======== Entries supplied

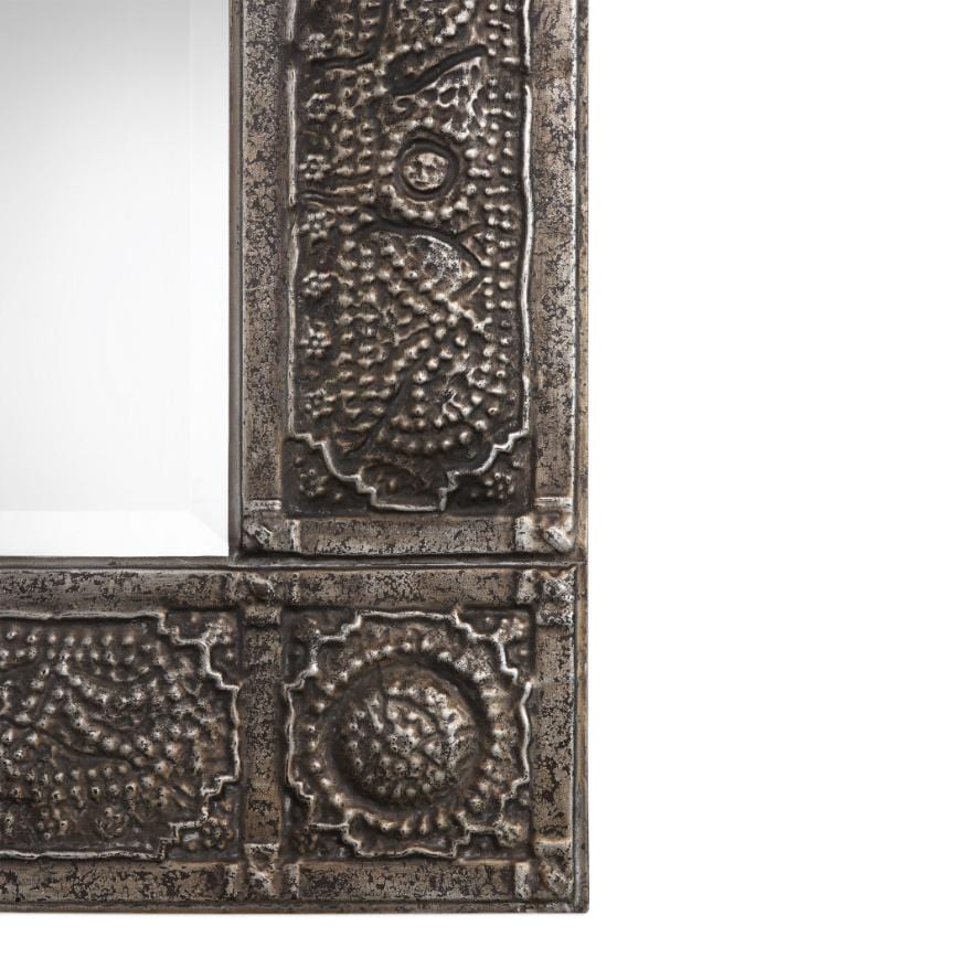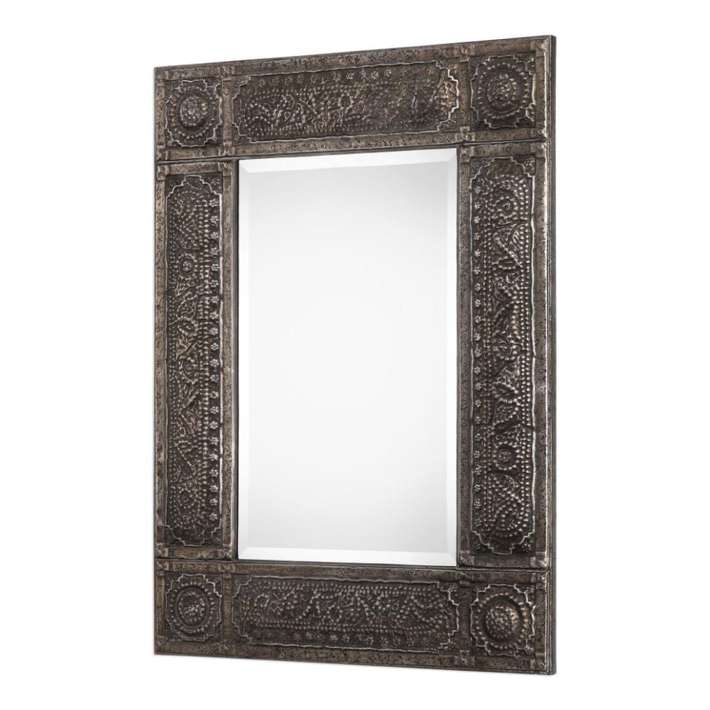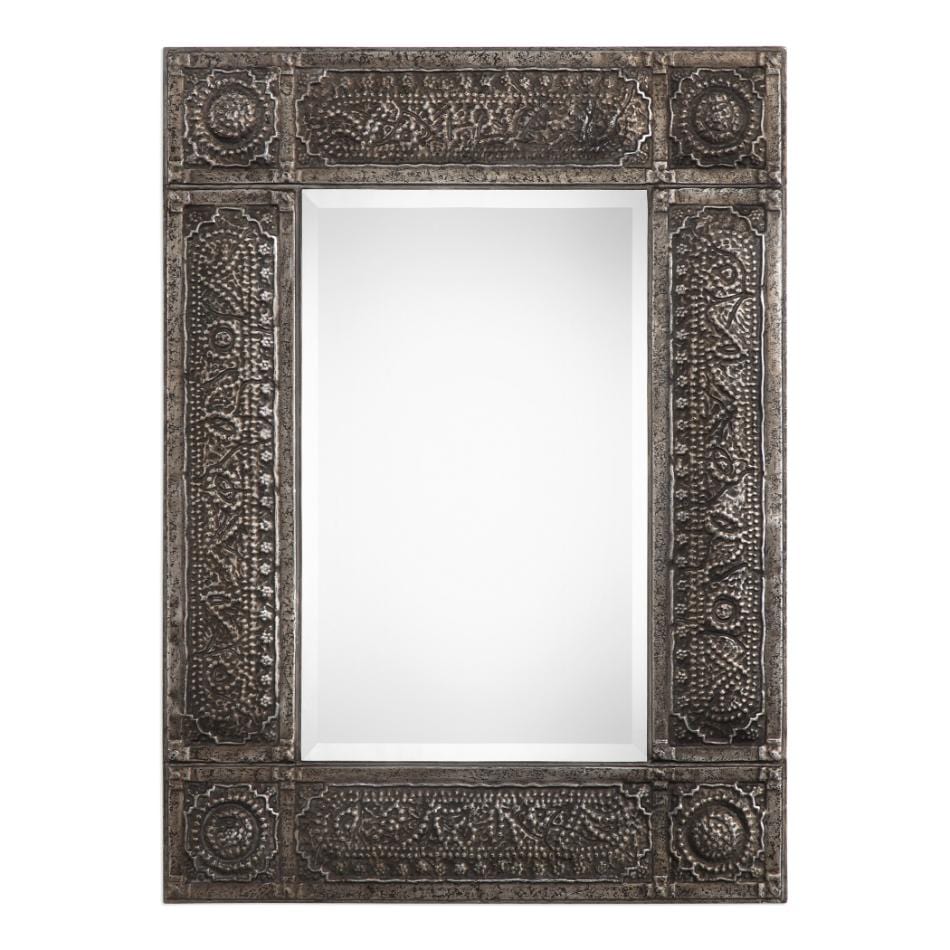 This embossed metal frame is finished in a heavily antiqued rust gray wash with silver undertones and black distressing. The mirror has a generous 1.25" bevel. May be hung either vertically or horizontally.
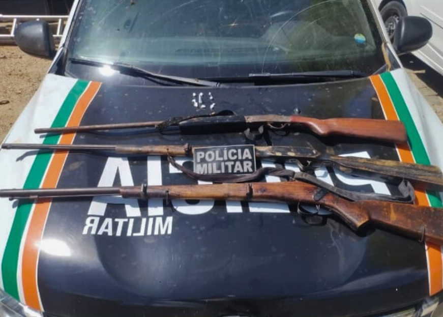 Uma ação da Polícia Militar resultou na apreensão de três armas de fogo no município de Deputado Irapuan Pinheiro. Os suspeitos conseguiram fugir do cerco policial.
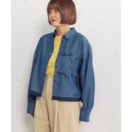 ポケットにたくさんついたリボンデザインが遊び心あるシャツ。かっちりしたシャツを、ゆるっとしたサイズ感とクロップド丈で今っぽくアレンジしました。裾は無地を切り替えたダブルヘムのデザイン。甘さときちんと感をバランスよく楽しめるシャツです。フルオープンで羽織としての着用もこなれた印象になるのでおすすめです。
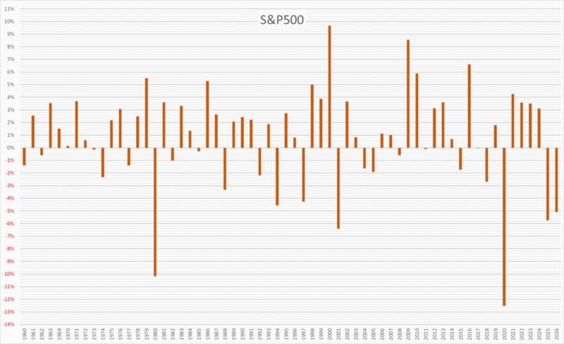 一方で、過去には 1980年の -10.18% や、2020年の -12.51% のように、大きく下げた年もあります。2026年3月も、それらほどではないものの、やや大きめの下落となった月でした。
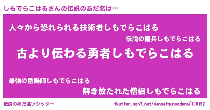 | ヘコむあだ名 | 『しもでらこはる(震え声)』『しもを』 |
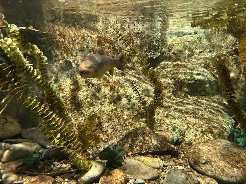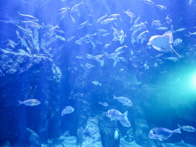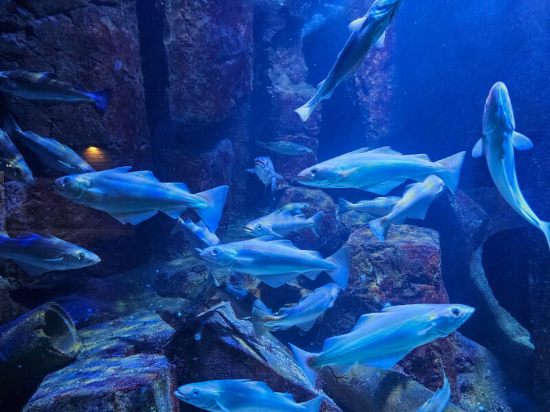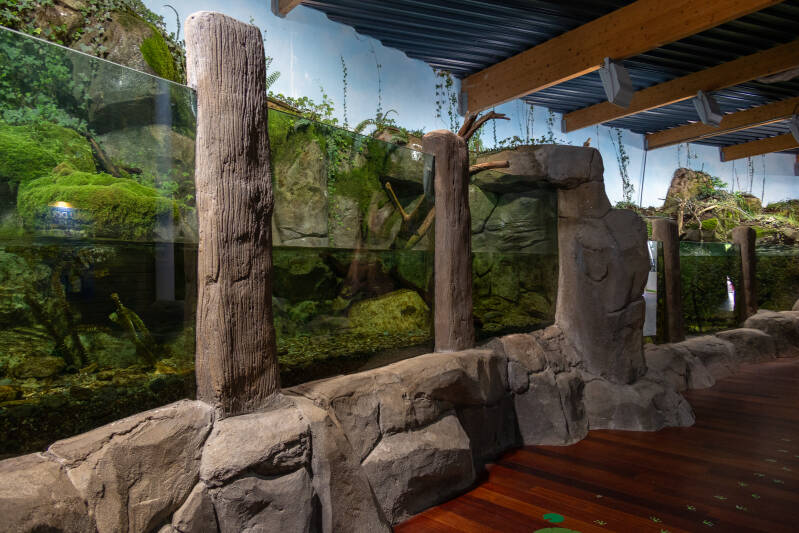 Het eerste deel van het traject bevat aquaria met zoetwatervissen. Het valt ook op dat de ramen van aquaria allemaal heel proper zijn.

================

> [Problem details] Leave out all pictures and retype precisely the lines that run from the line containing "ヘコむあだ名 | 『しもでらこはる(震え声)』『しもを』 |" to the last line of the records.

> [Solution]
 | ヘコむあだ名 | 『しもでらこはる(震え声)』『しもを』 |
 Het eerste deel van het traject bevat aquaria met zoetwatervissen. Het valt ook op dat de ramen van aquaria allemaal heel proper zijn.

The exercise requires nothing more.